Ken je de aya dan niet dat ALlah swt zegt en gehoorzaam Mij en gehoorzaam de Profeet. We MOETEN hem saws gehoorzamen en wat betekent dat? Dat we moeten weten hoe hij was, wat hij deed en hoe hij handelde. En juist deze dingen staan vast in de Ahadith.

Ya aghi, maak alsjeblieft niet dezelfde fout als dat de 'monotheisten' dat hebben gedaan, want dat is waarlijk een Dwaling.

Moge ALlah ons leiden.
Salameo alaikoum wR wB

----------


## Drijfkracht

Hallo Broeders,

Dit is een vers uit de Quran uit soerat (al-hasr)
{oua ma atakoemoe arrasoela fagoedoe oua ma anhakoem 3nhoe fantahoe, oua tajoe allah inna allaha chadidoe el3ikaab.}


Dit laat zien dat er hadiths zijn geschreven om juist de halal en haram van elkaar te onderscheiden. En dit zou ook nooit lukken als het alleen maar werd door verteld. Anders krijg je het broodje Aap verhaal. en waren we nu nog verder van huis. Dus wees blij dat er hadiths zijn.


Verder lees ik vaak terug dat de profeet fouten heeft gemaakt. Er is een bewijs dat de profeet geen fouten maakt.

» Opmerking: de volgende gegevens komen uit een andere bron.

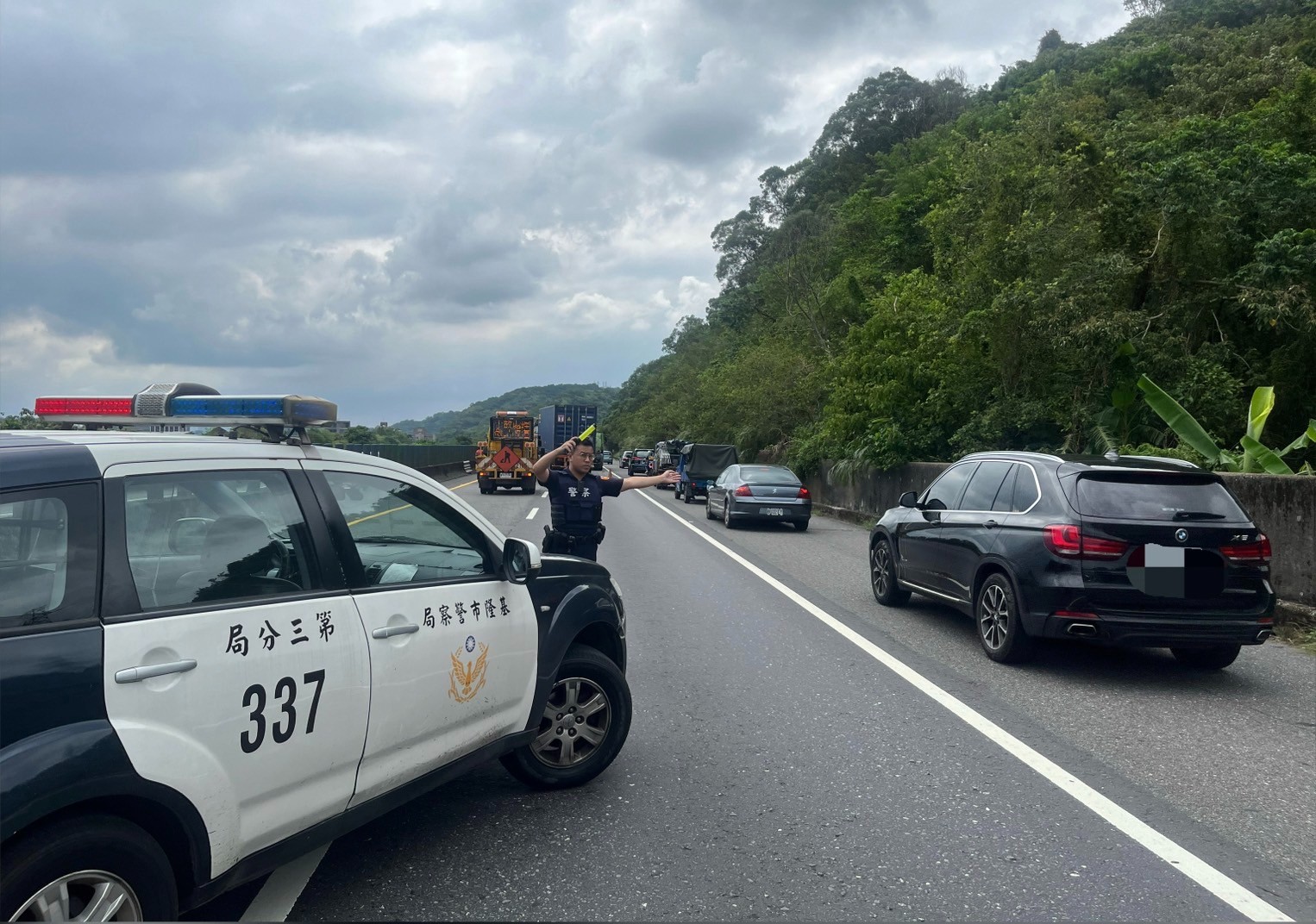 警方派員至現場進行交通疏導及安全警戒,事故現場並無人員傷亡,初步了解為疑與橋面伸縮縫角鋼隆起造成,詳細原因仍待進一步調查。基隆市警察局三分局呼籲,駕駛人若發現道路異常請立即通報警方或公路主管機關。
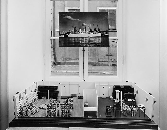 I fönstret en bild av Gripsholm i Göteborgs hamn.
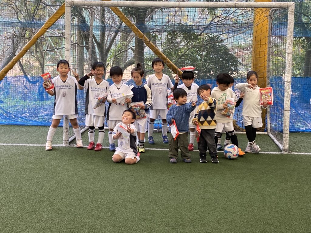 閉会式。サンタさん!?からお菓子をもらえて最高な1日でした。     全員で記念撮影しました。 最後は初倉FCだけで記念撮影。   大会主催者さま
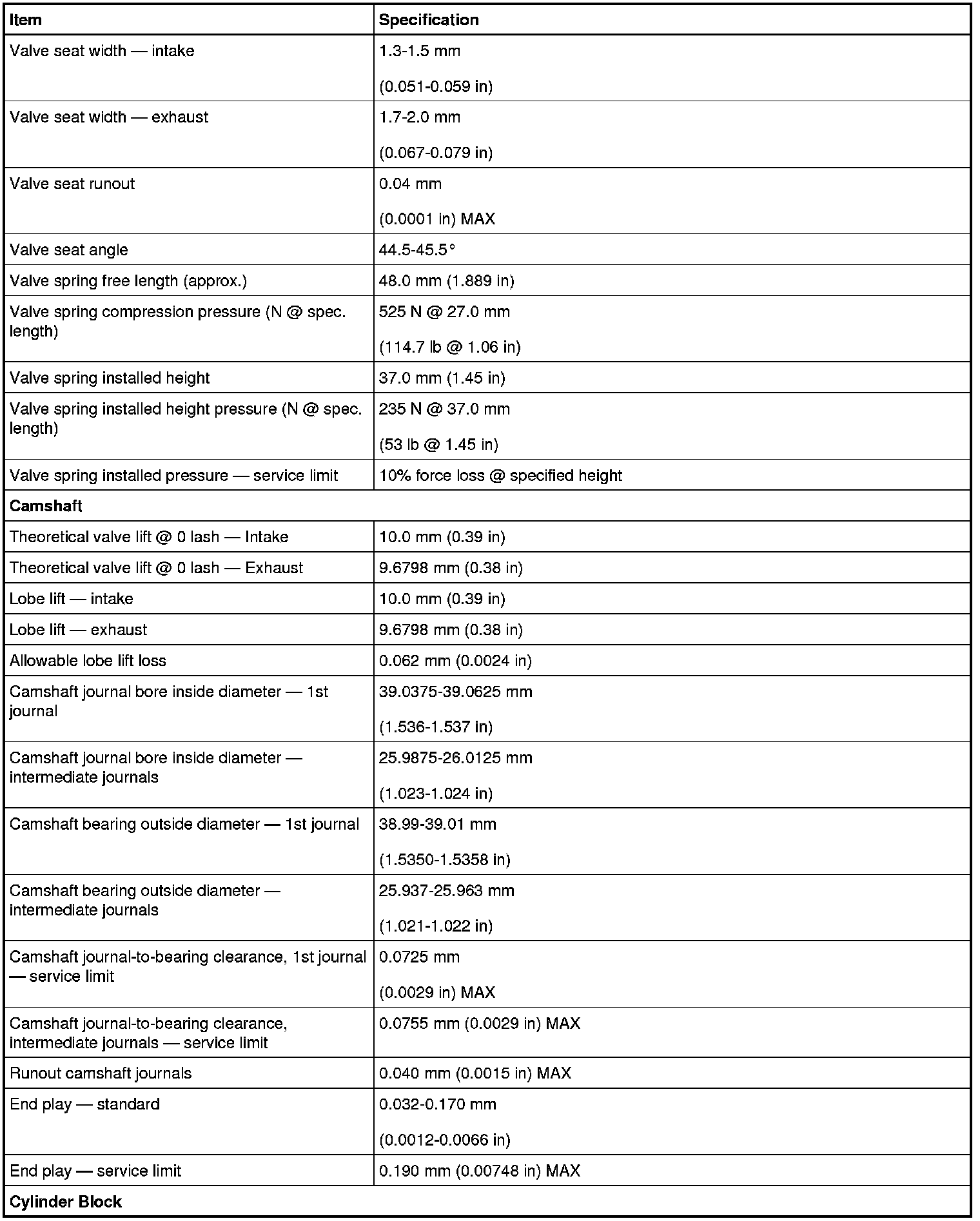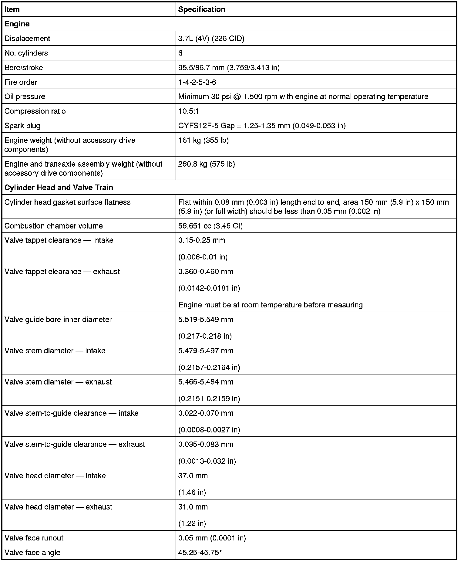 Engine Specifications
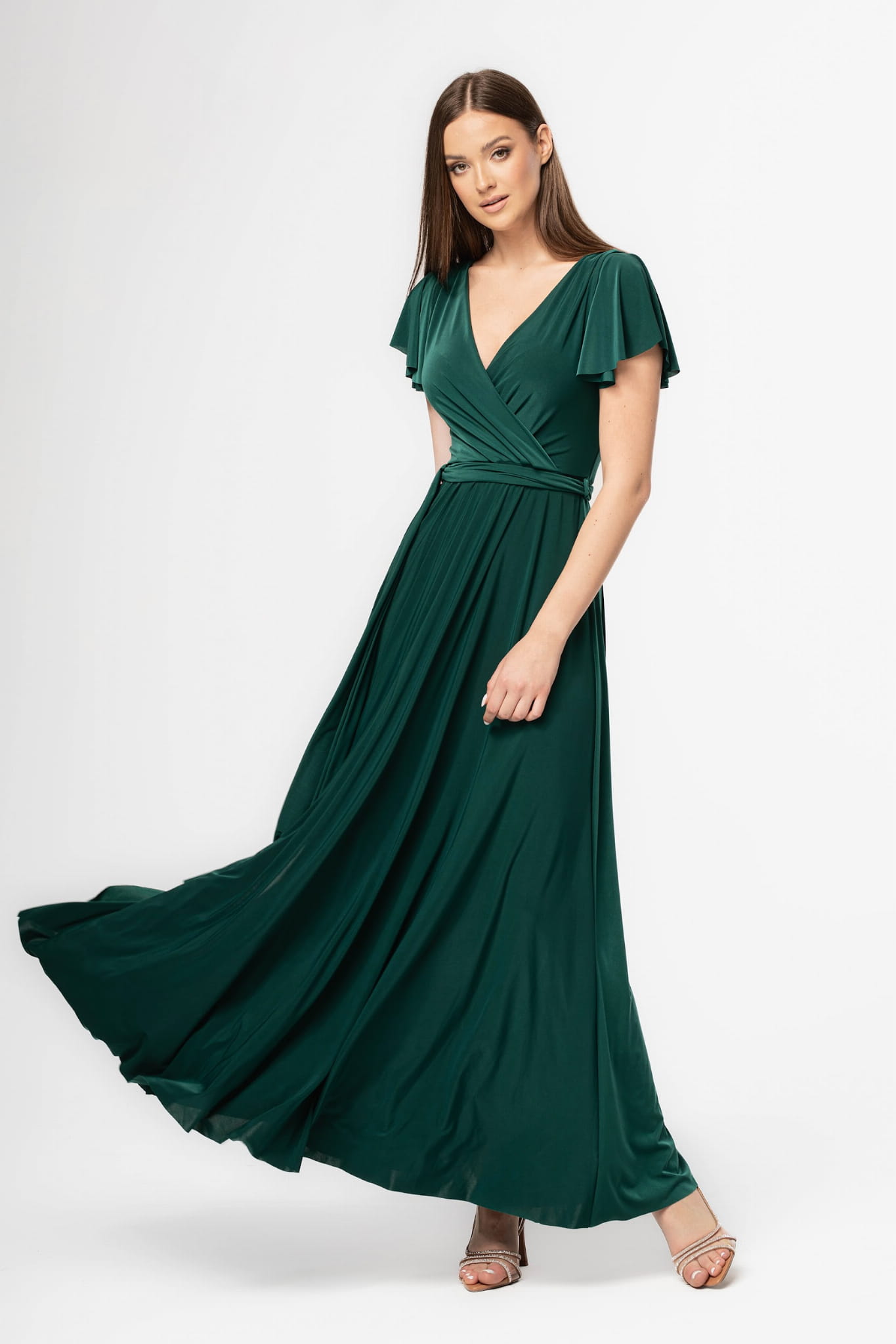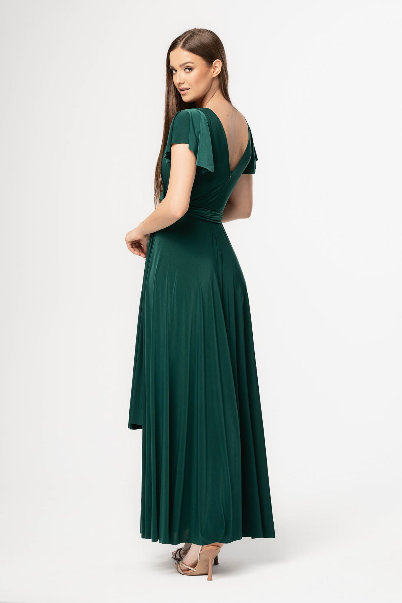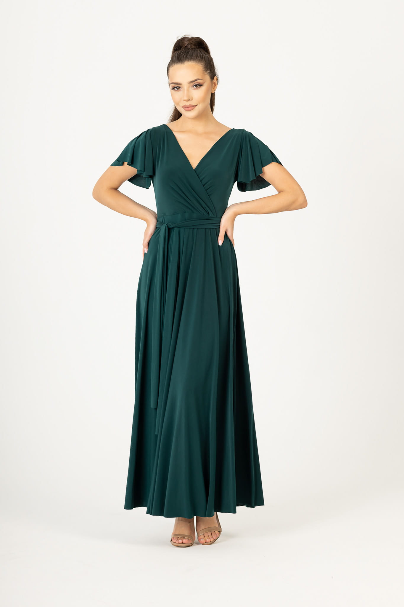 Ramiona zostały okryte motylkowymi rękawami, które perfekcyjnie współgrają z dekoltem w kształcie litery V. Delikatnie rozkloszowany dół sukienki dodaje sylwetce lekkości i wdzięku, natomiast wiązanie w pasie podkreśla wcięcie w talii. Abelia idealnie sprawdzi się na każdym eleganckim przyjęciu.
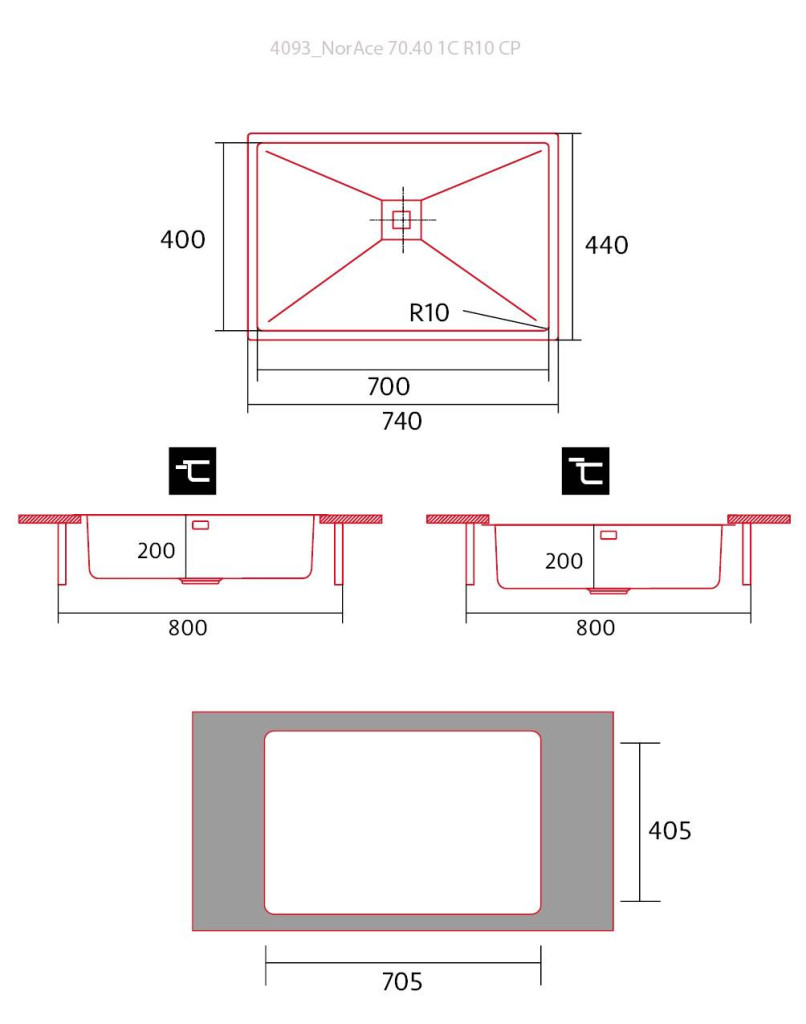NODOR - Mosogatótálca NorAce 70.40 1C R10 CP inox munkalapra és alá is szerelhető
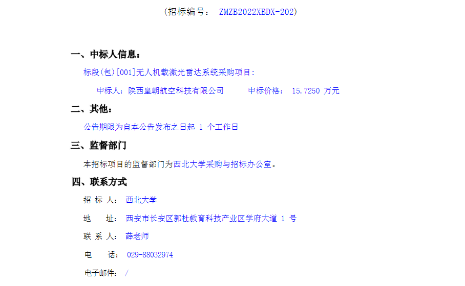 星空app官网无人机载激光雷达系统采购项目采购结果公告 作者: 编辑:采购与招标办公室 时间:2022-10-09 原公告链接:http://bulletin.sntba.com/resultBulletin/2022-10-09/483145.html
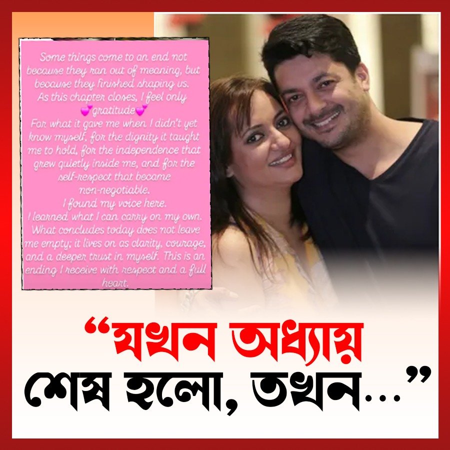 পোস্টে আরও উল্লেখ করেন, আজ তিনি নিজের ভার নিজেই বহন করতে পারেন। অধ্যায় শেষ হলেও নিজেকে শূন্য বা রিক্ত মনে হচ্ছে না, বরং এই সিদ্ধান্ত তাঁকে দিয়েছে আরও স্বচ্ছতা, সাহস এবং নিজের উপর ভরসা রাখার শক্তি। এই কথাগুলিকেই অনেকে আইনি বিচ্ছেদের প্রক্রিয়া শেষ হওয়ার ইঙ্গিত হিসেবে দেখছেন।
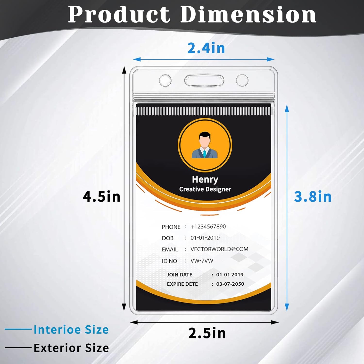 - Waterproof and Dust-proof - The name tag holder features a resealable zipper closure for easy opening and closing. Good sealing can effectively prevent water or dust from entering, keeping cards dry, clean and long-lasting. You can safely put your ID card, work card or credit card in it.

Er bestaat een hadith die zegt dat: De profeet was aan het bidden maar tijdens het gebed was hij te vroeg gestopt, waar het op komt is dat de profeet iets was vergeten in de salaat.
Nadat ze klaar waren kwam er een man (du eljedajn) en vertelde hem over zijn fout, waarop de profeet antwoorde: { anaa la ansa, oualkin oenasse lioeshari7} = ik vergis me niet, maar ik laat me vergissen zodat ik het kan uitleggen;

Dit geeft dus niet weer dat er fouten worden gemaakt in de zin van dat de profeet het vanzich zelf niet wist.



Zouden wij nu weten wat we moesten doen als we 1 raka3t vergeten waren tijden het gebed als de profeet het niet heeft voorgedaan;

Zouden wij weten hoe we in de Jihad moeten gaan bidden als we aan 
het strijden zijn als de profeet het niet heeft voorgedaan;

Zouden wij weten hoe wat we moesten doen als we iets waren vergeten tijdens de laoedoe, als de profeet het niet heeft voorgedaan;

enzo nog veel meer.

Dus broeders i.p.v dat jullie allemaal gaan kijken hoe en wat jullie wel moeten geloven, is de eerste stap om je eigen gevoel en voorkeuren(elhawa) aan de kant te zetten. Amders ben je op zich zelf al verkeerd bezig.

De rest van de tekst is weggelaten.